Tomorrow the Supreme Court hears arguments in one of the most anticipated cases of the term, Hobby Lobby v. Sebelius. The focus of the case will be on President Obama’s health care law and its requirement that employers provide health insurance that includes coverage for birth control. Yet, what the case is really about is the future of gay rights.
Hobby Lobby is a crafts store chain whose owners have religious objections to certain forms of birth control. Under regulations adopted by the Obama administration, the company is required to offer comprehensive health care including several forms of birth control that Hobby Lobby’s owners believe cause abortion. The company has challenged that requirement under a federal law designed to protect religious liberty, the Religious Freedom Restoration Act, or RFRA.
The advocates in the courtroom tomorrow will focus on a number of important questions: Are corporations “people” with religious beliefs? Should business owners be able to assert religious beliefs if it means that employees will be adversely affected? Does the law’s exemptions for churches and other religious institutions mean that Hobby Lobby too must be granted one?
The most important question raised by the case, however, may be one the lawyers overlook: Can business owners use religion as an excuse to discriminate against LGBT people? If the Supreme Court rules in favor of Hobby Lobby, the answer may well be “yes.”
We’re already seeing a spate of proposals at the state level for Jim Crow-like laws that would permit discrimination against LGBT people. A few weeks ago, Arizona legislators made headlines when they passed a law that would enable such discrimination. That law was vetoed by Arizona’s governor but similar proposals have cropped up elsewhere, including Kansas, Mississippi, and Georgia.

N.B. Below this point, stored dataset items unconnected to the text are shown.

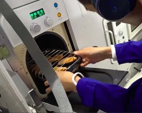 我国航天工程师通过设计专用热风循环系统解决了这一问题。工程师研制的热风烘烤机内置精密风道和风机,强制驱动热空气在炉内形成360度循环流动,确保热量覆盖每一处食材。同时采用动态控温技术,实时监测食物各区域温度,通过调整风机转速让食材受热均匀。这套系统将加热温度从以往太空加热设备的100℃提升至190℃,达到地面烧烤所需的焦香温度。
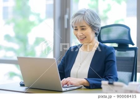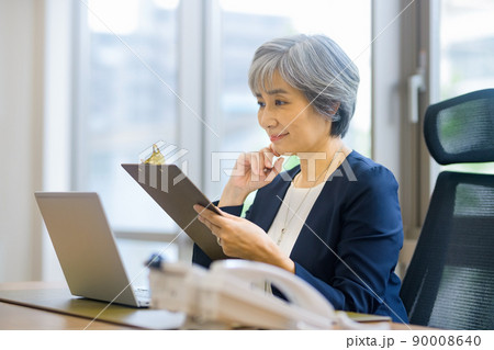 オフィスでデスクワークするシニア ビジネスウーマン
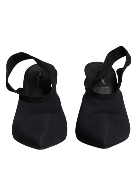 Dolce & Gabbana Black Jersey Stretch Heels Slingback Shoes
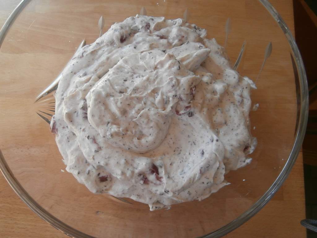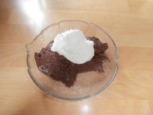 - Die geschlagene Sahne mit einem Teigschaber unterziehen bis alles gut vermischt ist. In eine Schüssel füllen und ab in den Kühlschrank.
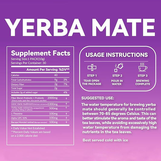 Yerba Mate Instant Tea Powder - Raspberry Peach Flavor - Gut Health & Clean Energy Super Drink with Nootropics, Prebiotics & Probiotics - Energy Boost & Focus - 30 Sticks (300g)

These laws represent a dangerous and radical break from our national commitment to equality. We don’t allow businesses to discriminate on the basis of race, sex, or a number of other protected categories — even if the business owners have religious objections. A company run by Quakers can’t refuse to do business with veterans. One run by Muslims can’t refuse to do business with Jews. Business owners who believe women belong in the home can’t refuse to hire women.

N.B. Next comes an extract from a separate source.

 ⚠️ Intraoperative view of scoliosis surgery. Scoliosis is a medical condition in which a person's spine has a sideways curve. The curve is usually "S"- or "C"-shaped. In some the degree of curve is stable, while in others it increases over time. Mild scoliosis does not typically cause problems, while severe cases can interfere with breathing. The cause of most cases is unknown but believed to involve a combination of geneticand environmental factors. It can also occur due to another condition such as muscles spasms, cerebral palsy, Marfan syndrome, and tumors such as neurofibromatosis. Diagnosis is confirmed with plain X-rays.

Yet allowing Hobby Lobby to disregard the Affordable Care Act on the basis of its owners’ religious beliefs could make Arizona’s anti-LGBT bill the law of the land.

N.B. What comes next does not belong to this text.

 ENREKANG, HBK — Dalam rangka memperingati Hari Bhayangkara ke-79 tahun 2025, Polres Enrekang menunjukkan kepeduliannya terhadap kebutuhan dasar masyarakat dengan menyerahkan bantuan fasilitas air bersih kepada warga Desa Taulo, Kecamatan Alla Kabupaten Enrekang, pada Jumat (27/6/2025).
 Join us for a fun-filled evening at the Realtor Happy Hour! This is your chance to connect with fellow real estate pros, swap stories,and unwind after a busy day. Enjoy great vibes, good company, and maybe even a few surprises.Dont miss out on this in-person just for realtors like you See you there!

Business owners around the country would be able to point to Hobby Lobby’s victory and claim that they too have the right to disregard the law in order to vindicate their personal religious beliefs when it comes to LGBT people. Having to serve or sell goods to someone is at a least as “burdensome” as including birth control — which, in this case, comes at no additional cost to the employers.
After gay marriage, the highest priority for the gay rights movement is ending discrimination in the workplace. Supporters in Congress have proposed the Employment Non-Discrimination Act, or ENDA, which would add sexual orientation to the list of protected categories under federal law. The Obama Administration has also considered new regulations to prohibit federal contractors from discriminating against gays and lesbians.
The Hobby Lobby case suggests exactly how such anti-discrimination laws would be undermined if any employer could claim a religion-based objection to the law. This is especially so if the Supreme Court accepts the reasoning of the lower court, which also ruled in Hobby Lobby’s favor.
That court held that the government had to exempt Hobby Lobby from the birth control requirement because the law had numerous other exceptions, such as those for churches and other explicitly religious institutions. Given that other entities were exempt, the government couldn’t be said to have a compelling reason to justify the burden on Hobby Lobby’s owners.
The same logic would apply to ENDA and similar laws. Federal anti-discrimination rules also have numerous exceptions. For example, the federal ban on race and sex discrimination in hiring only applies to employers with 15 or more employees, exempting the majority of small businesses. Religious institutions and private clubs are also exempt.
Such exceptions are a normal part of the give-and-take of legislation. They should not be read to mean the government lacks a genuine interest in combatting discrimination — or providing comprehensive health insurance.
Sixty years ago this May, the Supreme Court struck a decisive blow against Jim Crow when it struck down school segregation in Brown v. Board of Education. Will the Supreme Court mark Brown’s anniversary by ruling in Hobby Lobby’s favor and ushering in a new era of legally sanctioned discrimination?